◆ EXERCISE DETAILS: Set out the listing word for word. End with the line that contains "行き着くこの世の果てに | |".

.....

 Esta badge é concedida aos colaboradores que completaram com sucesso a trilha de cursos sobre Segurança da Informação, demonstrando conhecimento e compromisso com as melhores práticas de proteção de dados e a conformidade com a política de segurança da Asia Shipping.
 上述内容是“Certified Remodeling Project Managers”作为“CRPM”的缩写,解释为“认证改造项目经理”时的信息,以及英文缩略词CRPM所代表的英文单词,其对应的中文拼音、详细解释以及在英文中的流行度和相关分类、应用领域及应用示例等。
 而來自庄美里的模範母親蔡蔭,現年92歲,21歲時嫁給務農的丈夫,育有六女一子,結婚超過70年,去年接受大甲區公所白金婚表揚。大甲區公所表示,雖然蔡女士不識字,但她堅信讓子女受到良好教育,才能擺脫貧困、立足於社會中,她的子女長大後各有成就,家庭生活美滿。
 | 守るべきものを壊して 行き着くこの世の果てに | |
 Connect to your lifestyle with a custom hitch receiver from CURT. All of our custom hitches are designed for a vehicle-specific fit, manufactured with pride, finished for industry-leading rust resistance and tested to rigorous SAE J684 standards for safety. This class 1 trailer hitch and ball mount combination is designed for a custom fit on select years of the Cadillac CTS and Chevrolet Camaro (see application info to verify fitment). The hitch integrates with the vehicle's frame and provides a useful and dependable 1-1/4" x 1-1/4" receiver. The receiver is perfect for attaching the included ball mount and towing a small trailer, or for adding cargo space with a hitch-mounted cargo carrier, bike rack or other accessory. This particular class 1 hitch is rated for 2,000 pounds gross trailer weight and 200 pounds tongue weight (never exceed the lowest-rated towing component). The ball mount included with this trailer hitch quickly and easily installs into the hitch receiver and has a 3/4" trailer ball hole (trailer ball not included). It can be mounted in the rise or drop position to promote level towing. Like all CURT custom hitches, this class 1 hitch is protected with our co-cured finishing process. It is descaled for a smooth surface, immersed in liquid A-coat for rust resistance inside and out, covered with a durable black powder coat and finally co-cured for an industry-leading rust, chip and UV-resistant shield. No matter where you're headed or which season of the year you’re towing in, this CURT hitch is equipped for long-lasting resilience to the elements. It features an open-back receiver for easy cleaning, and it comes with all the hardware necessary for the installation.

.....

◆ ANSWER SECTION:
 Esta badge é concedida aos colaboradores que completaram com sucesso a trilha de cursos sobre Segurança da Informação, demonstrando conhecimento e compromisso com as melhores práticas de proteção de dados e a conformidade com a política de segurança da Asia Shipping.
 上述内容是“Certified Remodeling Project Managers”作为“CRPM”的缩写,解释为“认证改造项目经理”时的信息,以及英文缩略词CRPM所代表的英文单词,其对应的中文拼音、详细解释以及在英文中的流行度和相关分类、应用领域及应用示例等。
 而來自庄美里的模範母親蔡蔭,現年92歲,21歲時嫁給務農的丈夫,育有六女一子,結婚超過70年,去年接受大甲區公所白金婚表揚。大甲區公所表示,雖然蔡女士不識字,但她堅信讓子女受到良好教育,才能擺脫貧困、立足於社會中,她的子女長大後各有成就,家庭生活美滿。
 | 守るべきものを壊して 行き着くこの世の果てに | |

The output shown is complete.